AI reveals faulty “off switches” in gene regulation as a key driver of Alzheimer’s disease

Researchers at the National Institutes of Health (NIH) have used artificial intelligence (AI) models of the human genome to uncover a previously underappreciated genetic mechanism that drives Alzheimer’s disease: the failure of “silencers”—regulatory elements that normally keep gene activity in check.
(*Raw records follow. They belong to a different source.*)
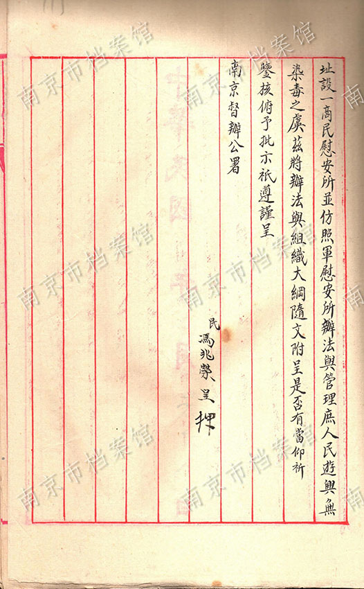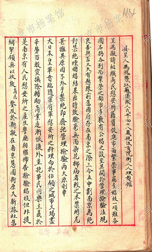 (2)1938年7月28日、日本軍の慰安所をまねて商人慰安所を設(shè)置することに関する商人?馮兆栄の上申書で、南京市公文書館所蔵。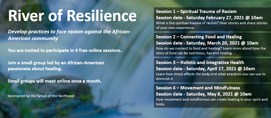 Thanks to the Robert Washington Scholar program I was able to take part in Duke Divinity School’s Foundations on Christian Leadership. We were invited to apply for a grant to address a need. After seeing millions of people march demanding justice for African-Americans who died during police custody and violence I kept sensing a hunger for something different. Many people of color endure the trauma of racism in their bodies, minds, and spirits. For hundreds of years, we have developed strategies to deal with the overwhelming realities of racism. I’d like to help African-Americans learn healing practices. The church should not stay silent in a time when we need to hear about God’s healing spirit. River of Resilience aims to provide tools, space to process, and practices to develop this resilience. Any African-American 25 years or older is invited to attend.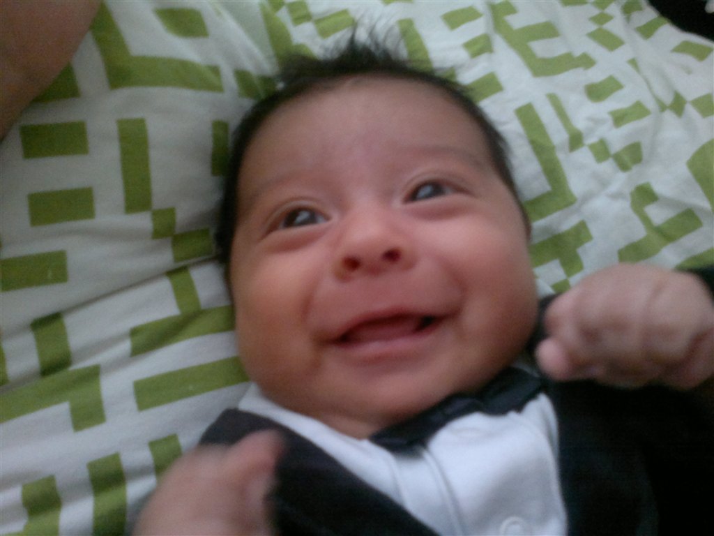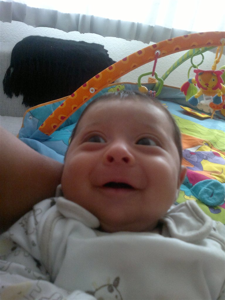 Han er en meget nysgerrig dreng og vil gerne rundt omkring og kigge. Han kan løfte sit hoved i ca.3 min. og også kigge til siderne. Han er begyndt at smile bevidst og så snakker han såå meget- det er så vidunderligt.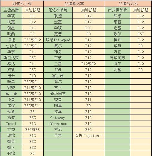 不同电脑的启动菜单快捷键参考下图: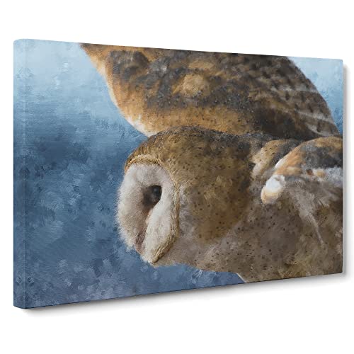 Barn Owl In The Snow Painting Modern Art Canvas Wall Art Print Ready to Hang, Framed Picture for Living Room Bedroom Home Office Décor, 30x20 Inch (76x50 cm)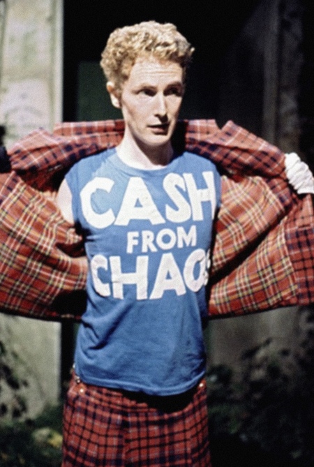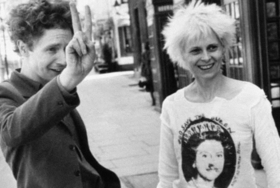 Кадр из фильма «Великое рок-н-ролльное надувательство» в костюме Вивьен Вествуд и бандажные брюки Вивьен Вествуд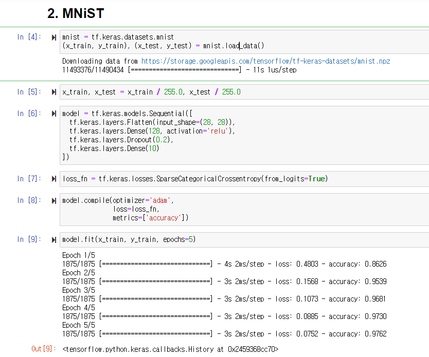 참고로 구동 확인하는 코드도 첨부하겠습니다. MNIST 기본 예제 데이터로 확인했습니다.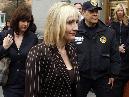 4月14日,在美國(guó)紐約,小說(shuō)《哈利·波特》作者J·K·羅琳(前)向法庭陳述后離開(kāi)。當(dāng)日,羅琳與一名美國(guó)“哈利·波特”迷對(duì)簿公堂。羅琳認(rèn)為,這名“粉絲”打算出版的《哈利·波特詞典》侵犯了她的知識(shí)產(chǎn)權(quán)。新華社/路透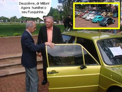 Além de Milton Luiz Pereira, o prefeito Nelson Tureck e o vereador Sidnei Jardim também discursaram no Encontro do Fusca. Ficaram lado a lado e tudo. Jardim é o autor da lei que criou o Dia Municipal do Fusca (29 de abril). Ele lembrou que o projeto foi aprovado pelos outros nove vereadores. Ah, mas que a idéia do 29 de abril surgiu aqui, neste humilde “saitezinho”, ninguém lembra. Isnf, isnf, isnf...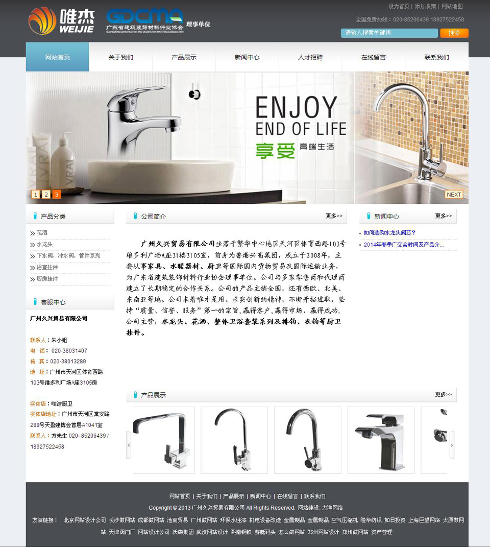 广州久兴贸易有限公司坐落于繁华中心地区天河区体育西路103号维多利广场A座31楼3105室,前身为香港兴高集团,成立于2008年,主要从事家具、水暖器材、厨卫等国际国内货物贸易及国际运输业务,为广东省建筑装饰材料行业协会理事单位。公司与多家零售商和代理商建立了长期稳定的合作关系。公司的产品主销全国,还有西欧、北美、东南亚等地。公司本着唯才是用、求实创新的精神,不断开拓进取,坚持“质量、信誉、服务”第一的宗旨,赢得客户,赢得市场,赢得成功. 公司主营:水龙头、花洒、整体卫浴套装系列及排钩、衣钩等厨卫挂件。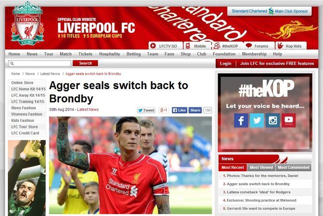 리버풀은 30일(이하 한국시간) 공식 홈페이지를 통해 "리버풀이 아게르의 브뢴비 완전이적에 합의했다"고 발표했다. 리버풀 에코 등 현지 언론은 리버풀이 친정팀으로 돌아가는 아게르 대신 약 300만 파운드(약 50억 원)의 이적료를 받게될 것으로 내다봤다.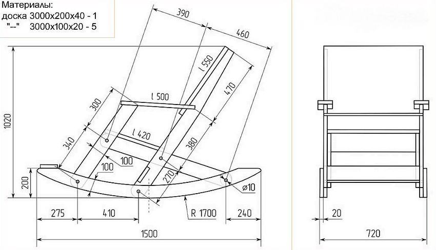 Hojdacie kreslo na drevo vyrobené vlastnými rukami: návrhové výkresy a potrebné materiály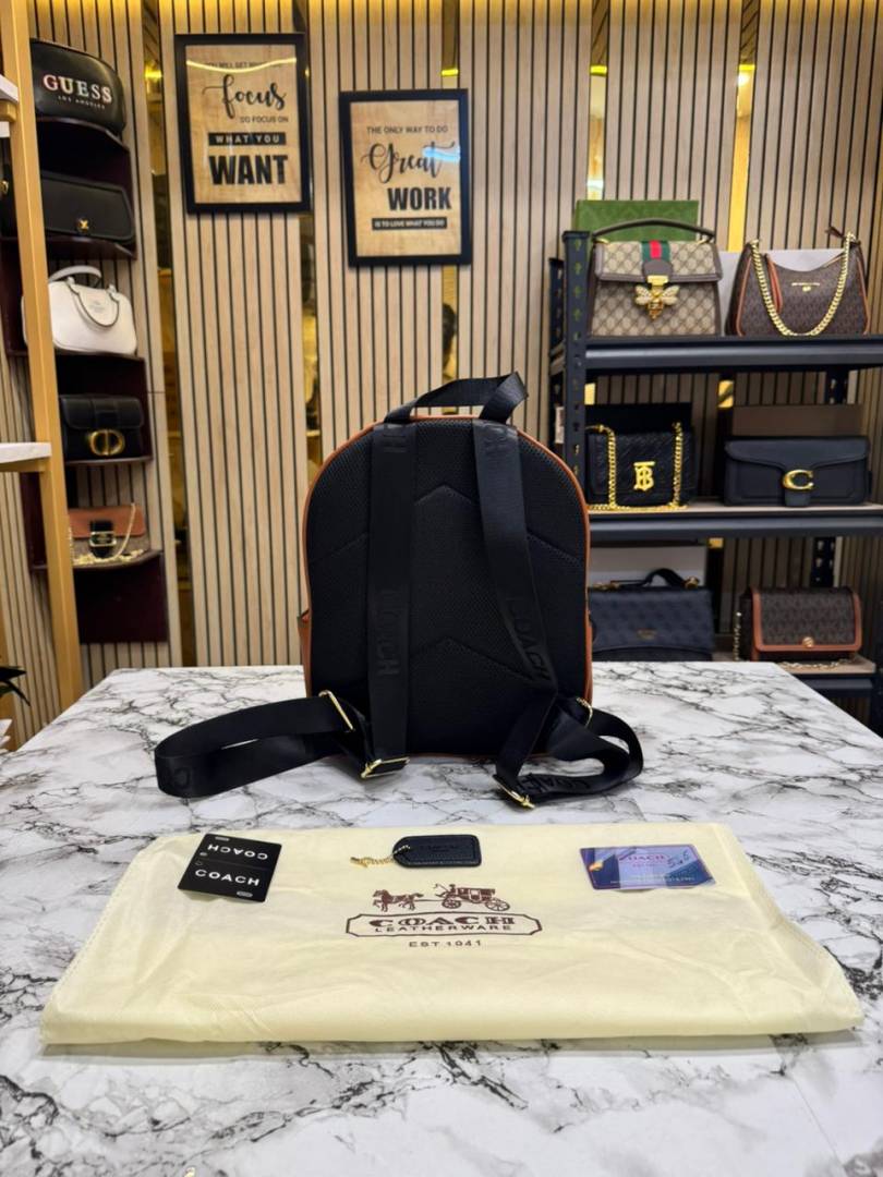 COAC_H LEATHER COURT WITH DUST BAG PREMIUM QUALITY BAGPACK [APRICOT BROWN]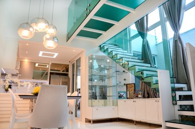 Desenhada pela designer, a escada que dá acesso à área intima da casa possui estrutura em aço e guarda corpo e degraus em vidro verde. O espaço abaixo da escada foi usado para uso de uma cristaleira toda em vidro fechado e armários de madeira para guardar louças e objetos funcionais, que também foram desenhados pela designer. “A Cristaleira abre com sistema de toque, sendo de fácil acesso para os proprietários e visitantes utilizarem os cristais”, comenta Renata.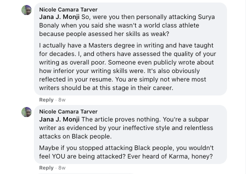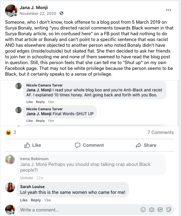 Yet two comments by the same account, one that is nothing but a placeholder opened in 2017 without any actual blog entries is unusual, particularly when the comments are made on the same day. I soon found a single word comment on my Instagram which was then public: “racist.” The comment from Quirky Brown Chick was totally unrelated because I publish photos of food, face masks, dogs and events. I blocked Quirky Brown Chick. That is the advice one is given about trolls. Quirky Brown Chick on Instagram does have some content and her account links to her YouTube account. Now I have a face, but not a name. I’m not interested in knowing more. I would have gone on and forgotten about Quirky Brown Chick except there was a comment on a totally unrelated post on my personal Facebook page that referenced Surya Bonaly from Nicole Camara Tarver. And soon enough Irena Robinson joined in. Robinson’s FB account also seems like a placeholder. Tarver had other posts. I could not post on Robinson’s account and would not have because I also did not post on Tarver’s account. In any case, at this point, I have two faces and two names. I know from Instagram and YouTube that Tarver is Quirky Brown Chick thanks to the profile and cover photos. I did not watch her videos because that would be feeding a troll. Don’t encourage bad behavior.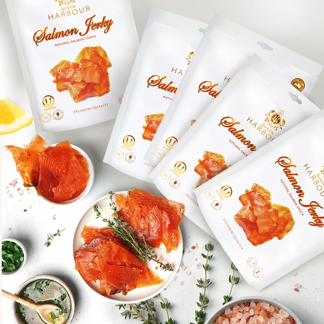 Queen Harbour air-dried smoked salmon fillet slices snacks is made from highest quality cooled Norwegian salmon. Superior quality and refined taste acquired through delicate salting and drying process carried out by hand. It is Kosher product which can be kept in room temperature and no need to freeze. You can enjoy it anywhere, anytime and also suitable for pairing with wine and beer.
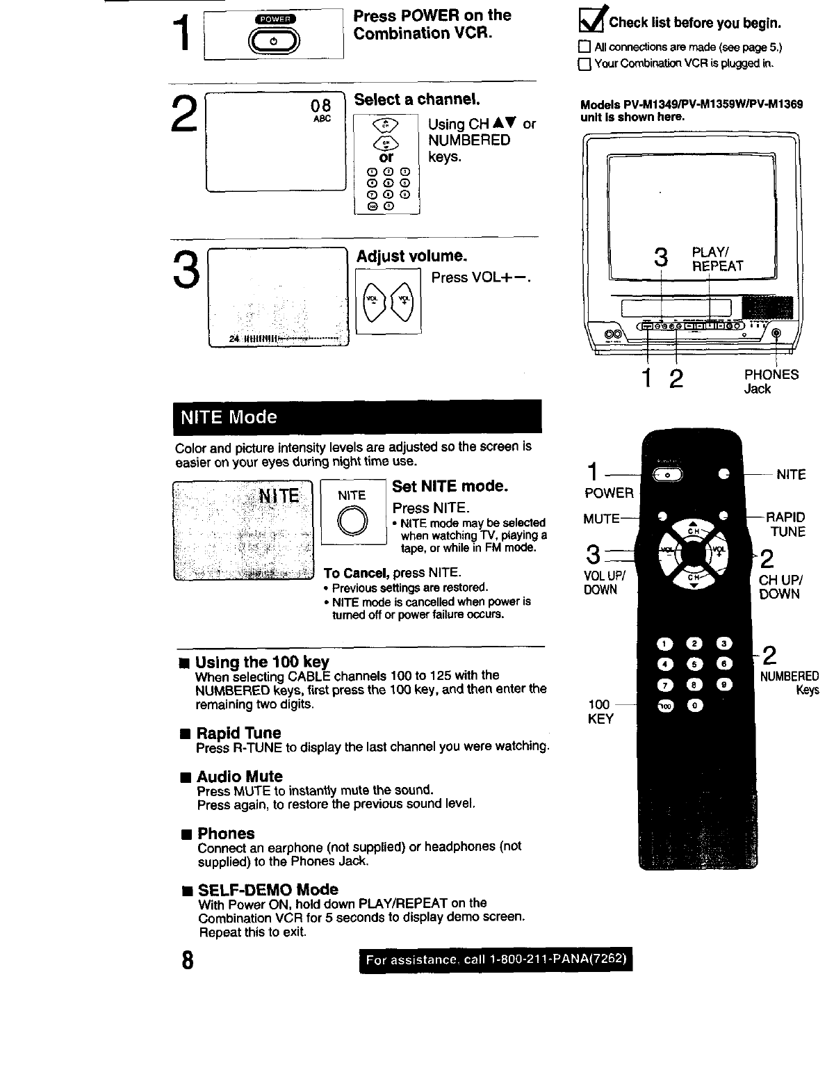 (NITE mode, Using the 100 key, RapidTune, AudioMute, Phones,SELF-DEMO mode) ...... 8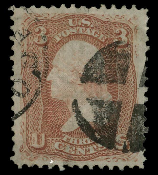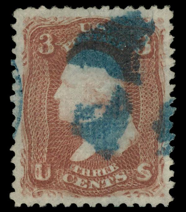 1867, 3¢ rose, E. grill (Scott 88), blue cancel, Extremely Fine. Scott $35. (Image)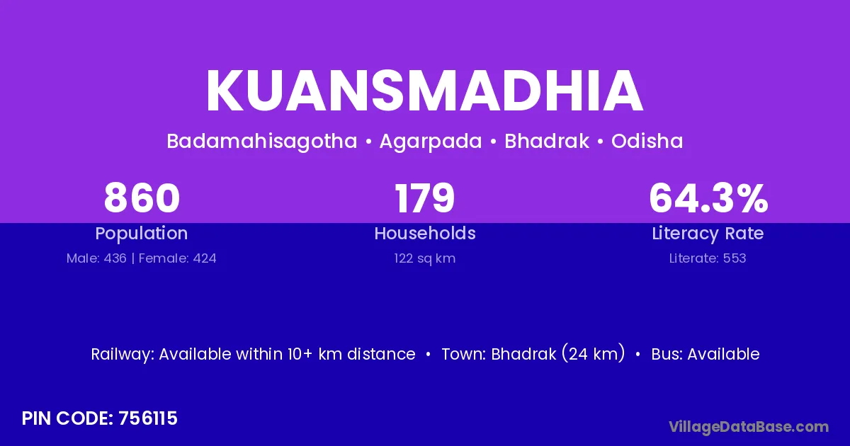 Bhadrak (24 km) is the nearest town to Kuansmadhia village for major economic activities and is located approximately 24 km away.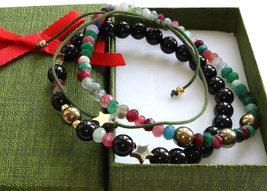 Bransoletki opakowane w ładne, eleganckie pudełeczko.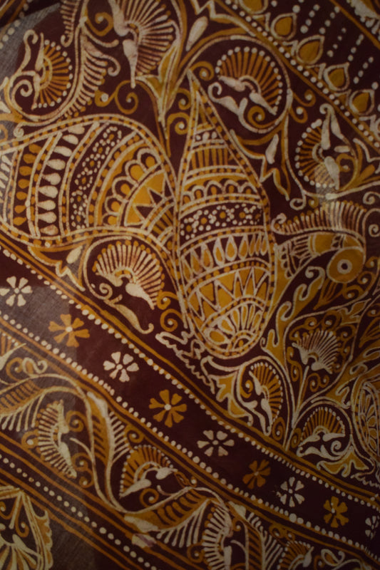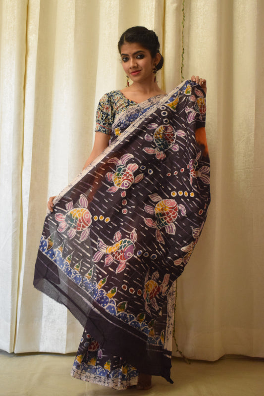 Santiti- Deep Brown Cotton Batik saree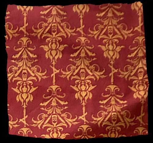 Trav’lers of the cloth, behold! Before you is an unfurlin’ of Marks, coffins, pistols, skulls, whiskey bottles, & ravens. 100% cotton. Crimson ‘n gold. All dream’d up by Messrs. Storm and Tender!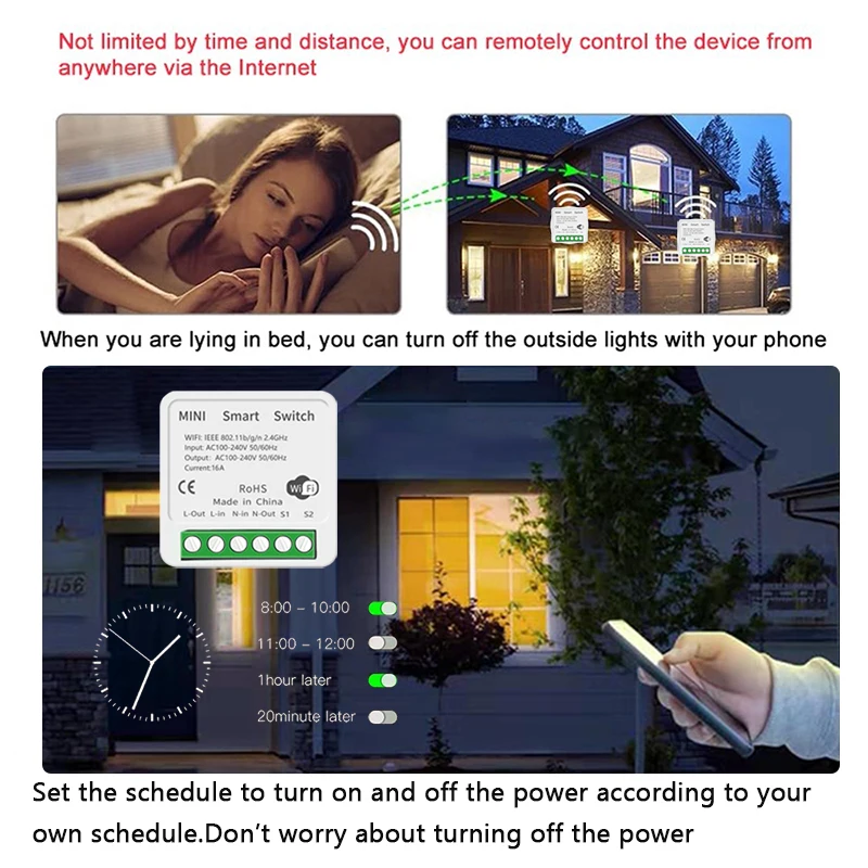Беспроводной Выключатель Mimi, Wi-Fi, 16 А, двусторонний таймер управления, автоматизация умного дома, совместима с Tuya Alexa Google Home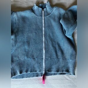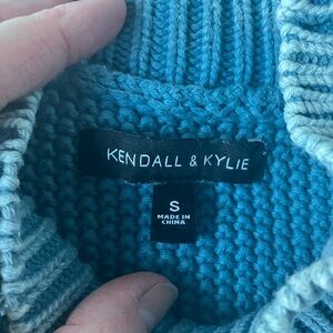 Perfect for fall, this cropped sweater By Kendall and Kylie is a distressed blue that has a rustic feel to it for the upcoming seasons. This sweater is a Size small, 100% cotton, and is easy to care for - machine wash and lay flat to dry. It is in good condition overall with no specific signs of wear to note. Elevate your fall style today with this gem!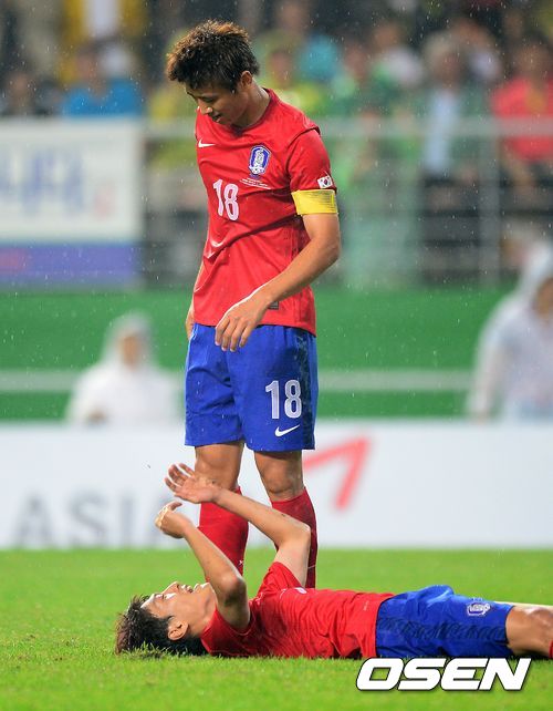 후반 한국 구자철이 아쉬워 하는 이청용을 일으켜 세우고 있다./jpnews@osen.co.kr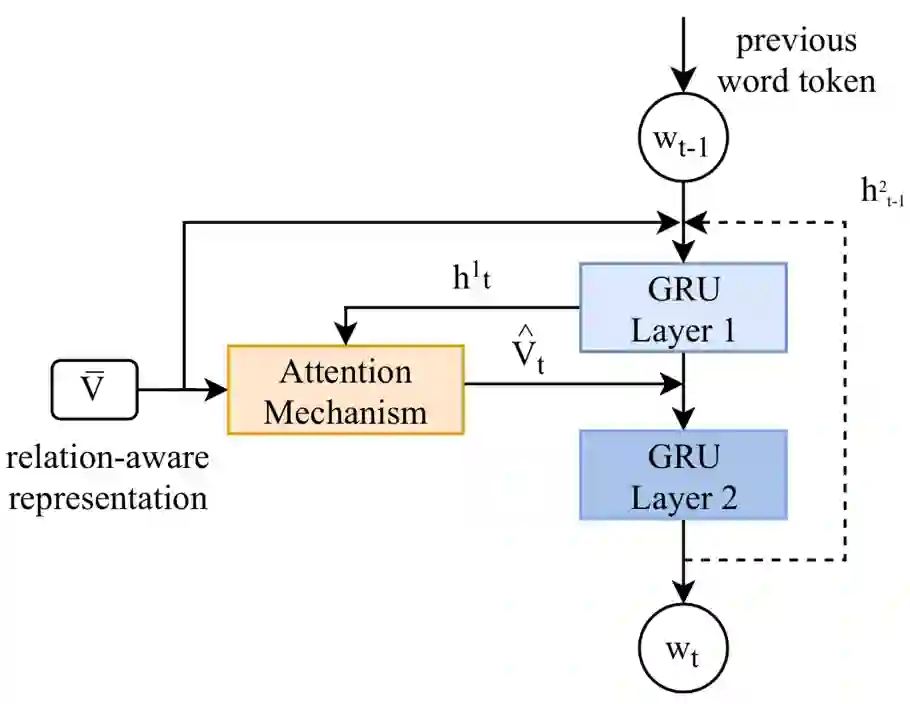 如图2所示,一个男人抱着一个孩子,那么男人和孩子就可以作为图中的节点,他们的视觉关系作为边。接着将场景图通过Multi-modal Graph ConvNet:在图像内的层面,使用图卷积神经网络(GCN)来对场景图中的节点特征进行增强。在跨图像层面,为了建模图像之间的交互,使用时序卷积神经网络(TCN)来沿着时间维度进行卷积,进一步优化图像的特征表示。最后得到了集合了图像内关系和跨图像关系的relation aware的特征,输入到层次化解码器(Hierarchical Decoder)中来生成故事。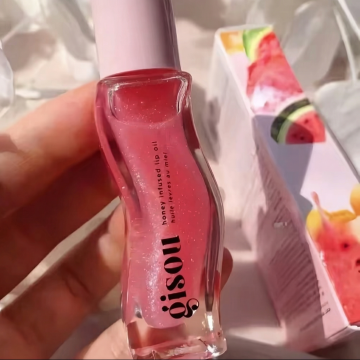 3D风西瓜泳圈托举红色香水瓶,清新水波背景,轻拟物设计,夏日清爽感十足。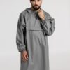 Дождевик-анорак с капюшоном и карманом на молнии спереди. Выполнен из ткани дюспо с матовой поверхностью — легкой, мягкой на ощупь, но устойчивой к повреждениям. Она не шелестит и практически не мнется. Благодаря пропитке дюспо обладает отличными водоотталкивающими и ветрозащитными свойствами.

The team found that disruption of these silencers leads to gene overactivation in the brain, particularly in the immune cells of patients with dementia, contributing to disease progression.

 While Alzheimer’s disease research has largely focused on coding variants that directly affect genes, including APOE4, over 90% of Alzheimer’s-associated genetic variants lie in the noncoding regions of our DNA. These regions are often referred to as the genome’s “dark matter” because their biological roles have not been fully established.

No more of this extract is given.